- From:The Courier-Mail
- April 27, 2012
It's a win that comes with a $20,000 cheque.
Meanwhile, winners have also emerged from a number of the world's highest book honours, including the PEN/Faulkner Award this time last month and National Book Critics Award earlier this month, both in the US.
It follows a slough of shortlistings for other major book gongs including the handsomely paid IMPAC Dublin Literary Award, The Orange Prize for female fiction in the UK, the new manifestation of the now defunct Commonwealth Writers' Prize, as well as a longlisting for the National Biography award in Australia.
For its part, the Orange Prize for women's writing has winnowed potential winners down to a shortlist of six.
The shortlists for the 2012 Commonwealth Book Prize - a fresh category of what was formerly the Commonwealth Writers Prize - were revealed on Tuesday of this week, with the winner to come out on June 8.

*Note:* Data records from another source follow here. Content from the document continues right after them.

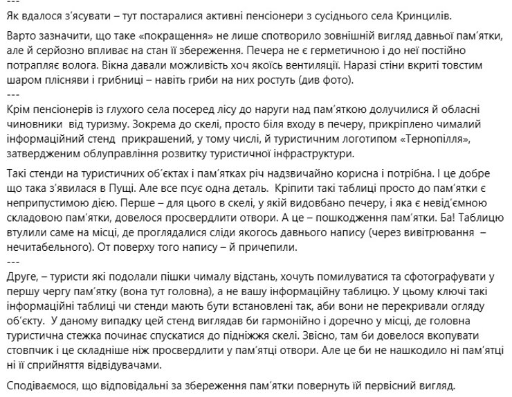 "Кріпити такі таблиці прямо до пам'ятника неприпустимо. По-перше, для цього в скелі, де видовбана печера і яка є невід'ємною частиною пам'ятника, довелося просвердлити отвори. А це — пошкодження пам'ятника. Ба більше! Таблицю вставили саме на місці, де було видно сліди якогось давнього напису (через вивітрювання — нечитабельного). Ось над тим написом — і прикріпили".
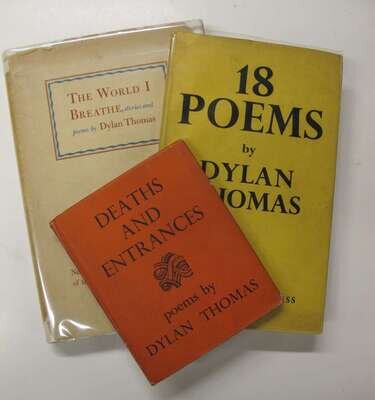 Thomas, Dylan: 18 Poems. London: Fortune, 1934 [but ca 1942]. Tall 8vo, orig red cloth; light wear, d/j (slightly dusty, price clipped). 3rd issue, mixed state. Knole Park imprint, text on pp12 & 23 corrected. Rolph B3. * The World I Breathe. Norfolk: New Directions, 1939. 1st ed, 1st issue. Tall, 8vo, orig brick red cloth, gilt-lettered spine; light wear, spine ends slightly dusty, d/j (some chipping to spine panel, head of foot chipped away, other chipping at corners, scattered spotting & occasional dust soiling). Internally clean. R. B5. * Deaths and Entrances. L: Dent, [1946]. 1st ed. 16mo, orig orange cloth, gilt-lettered spine; light wear, edges a little dusty, d/j (slightly dusty, light edge wear). R. B10.
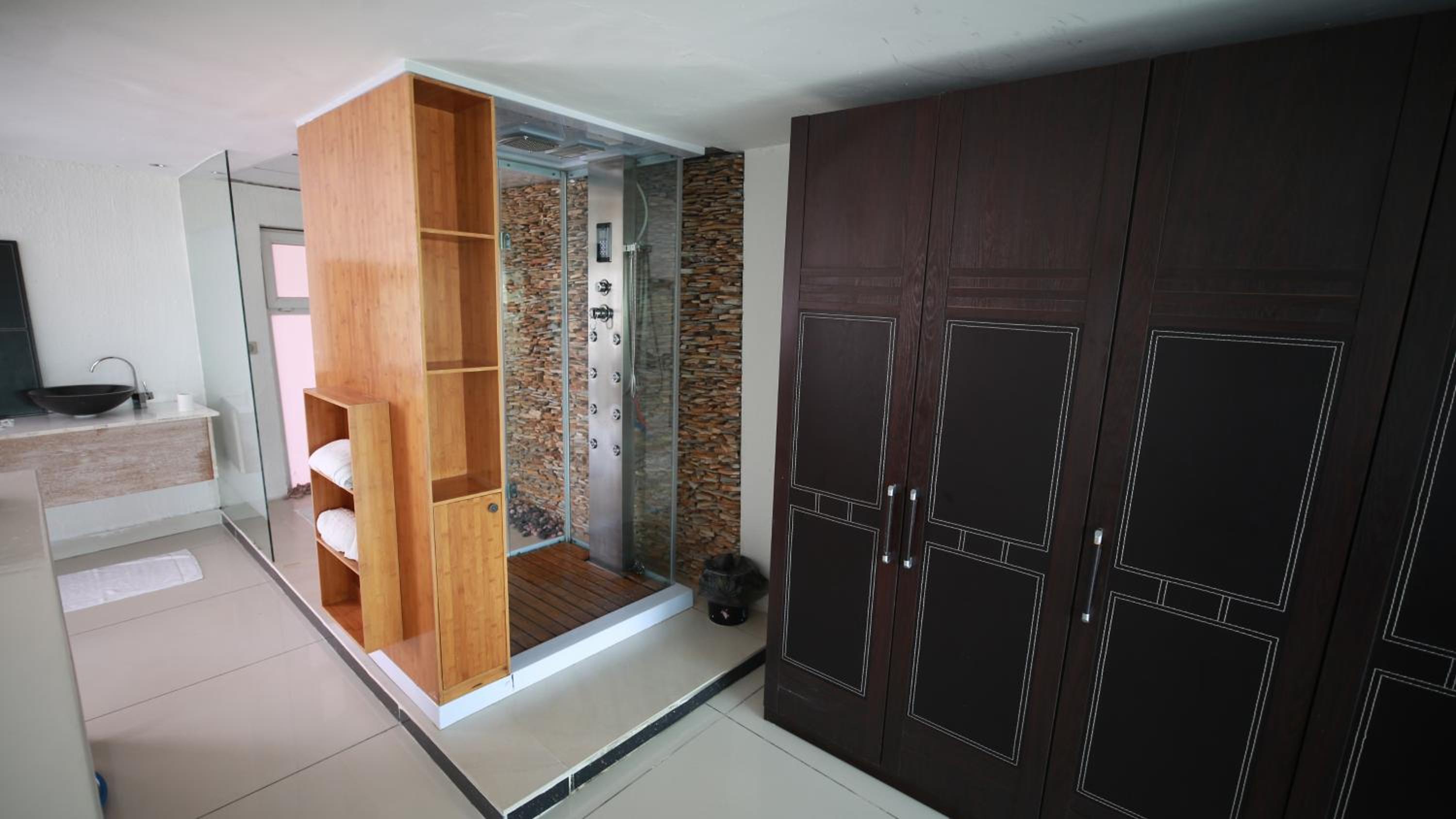 Décoration atypique très recherchée , grands espaces bravo au patron pour le goût j’ai beaucoup aimé 🎉🎊🍾
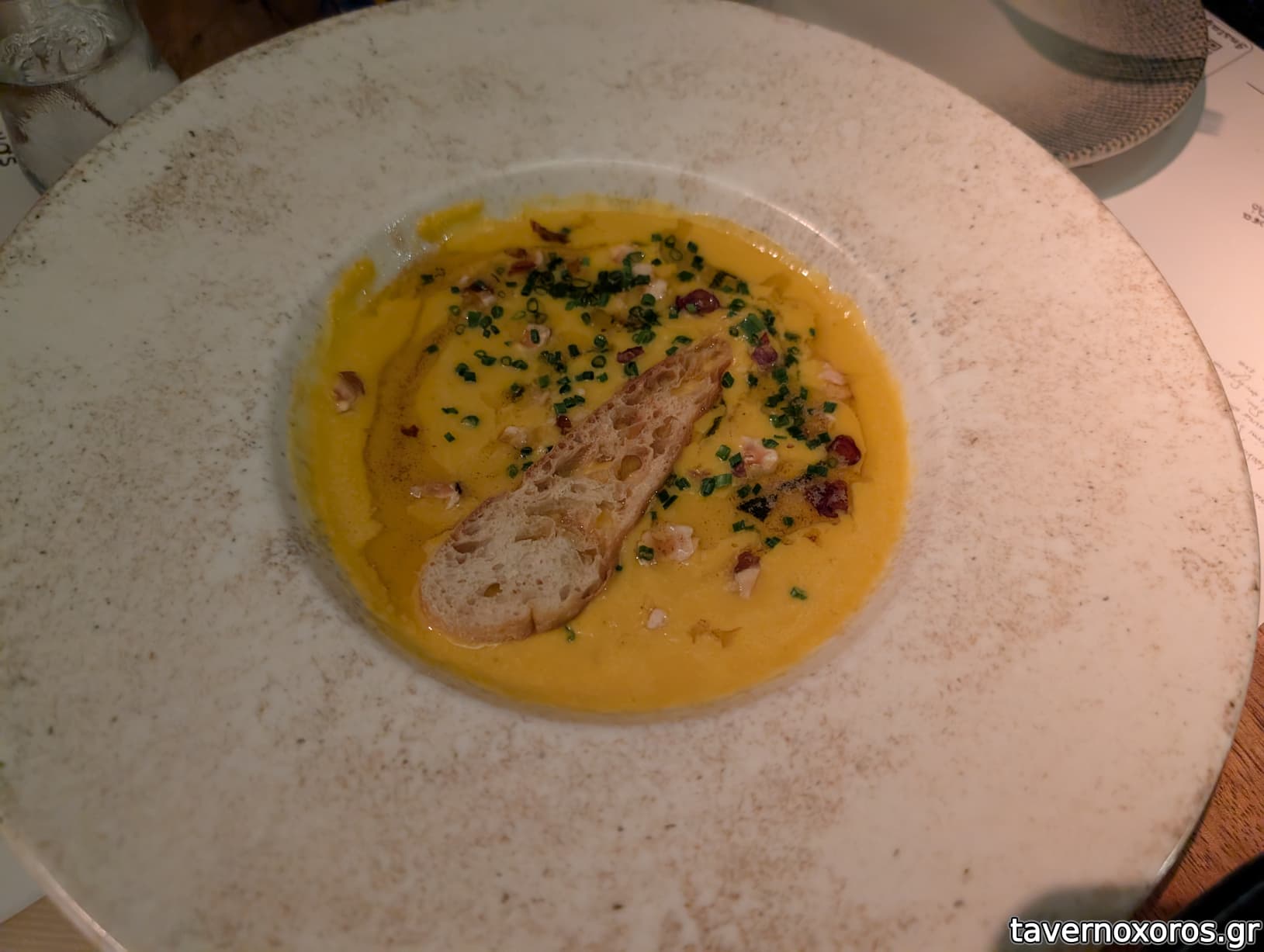 "Βελουτέ γλυκοκολοκύθας με κάστανα, φουντούκι και βούτυρο noisette με φασκόμηλο" (πολύ καλή)
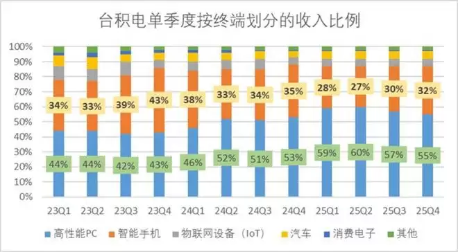 从收入占比结构来看,第四季度智能手机占收入的32%,HPC占收入的55%,二者累计贡献了台积电87%的收入,与前三季度持平。
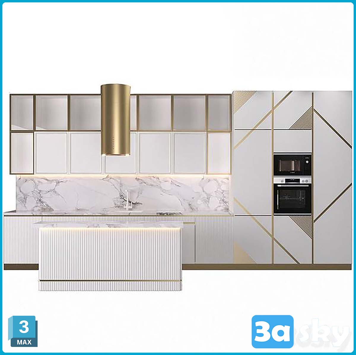 This 3D model features a modern kitchen design created in 3DS Max. The kitchen includes stylish furniture and appliances, perfect for interior design visualization projects. Explore the sleek and contemporary elements of this kitchen model.
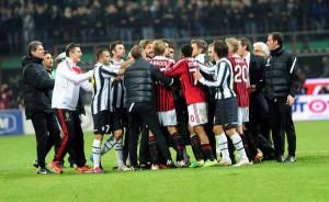 Ci sono stati più riferimenti alla mafia in Milan-Juve che in un’intercettazione di Dell’Utri. Non per la presenza di Berlusconi in tribuna, o semmai anche per quello, ma soprattutto per le dichiarazioni dell’allenatore della Juventus Antonio Conte. Sembrerebbe che nei sottopassaggi di San Siro, Conte avrebbe detto ad Adriano Galliani “Voi siete la mafia del calcio”, proprio mentre Buffon, il portiere della Juventus e della nazionale di Prandelli, convinto sostenitore dell’etica nel calcio dichiarava “Non ho visto la palla entrare ma anche se l’avessi vista, non l’avrei mai detto all’arbitro”, tra gli applausi corali dei detenuti sotto 41bis.
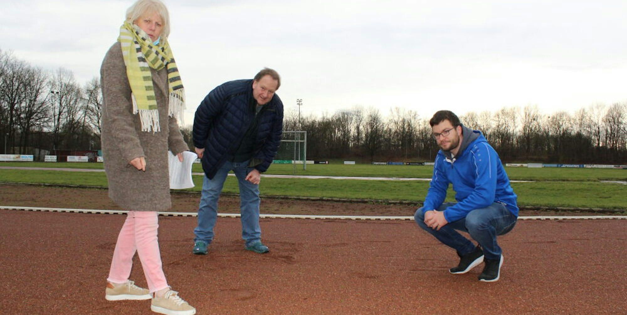 Elisabeth Hülsewig (v. l.), Christian Karaschinski und Marco Schiffer setzen auf eine neue Tartanbahn.
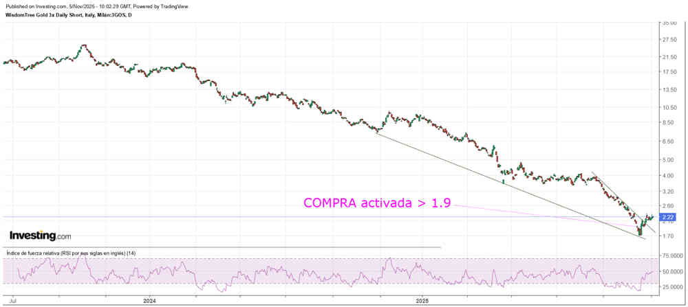 El Oro detuvo su imparable tendencia alcista hace dos semanas cuando el día 20 de octubre alcanzó máximo histórico en $4.398 por onza, desde entonces está inmerso en un proceso correctivo o saludable limpieza de posiciones que está generando interesante rentabilidad a través de la siguiente estrategia.

On March 26, the American PEN/Faulkner prize went to "The Buddha in the Attic," a short novel about Japanese-American war brides by Julie Otsuka.
It was followed by the American National Book Critics Award on March 8, which went to a collection of works by short-story veteran Edith Pearlman.
Closer to home, the National Biography Award 2012 longlist will see 12 titles compete for the prestige as well as a $25,000 prize to be handed down on May 14 at the State Library of New South Wales as part of the Sydney Writers Festival.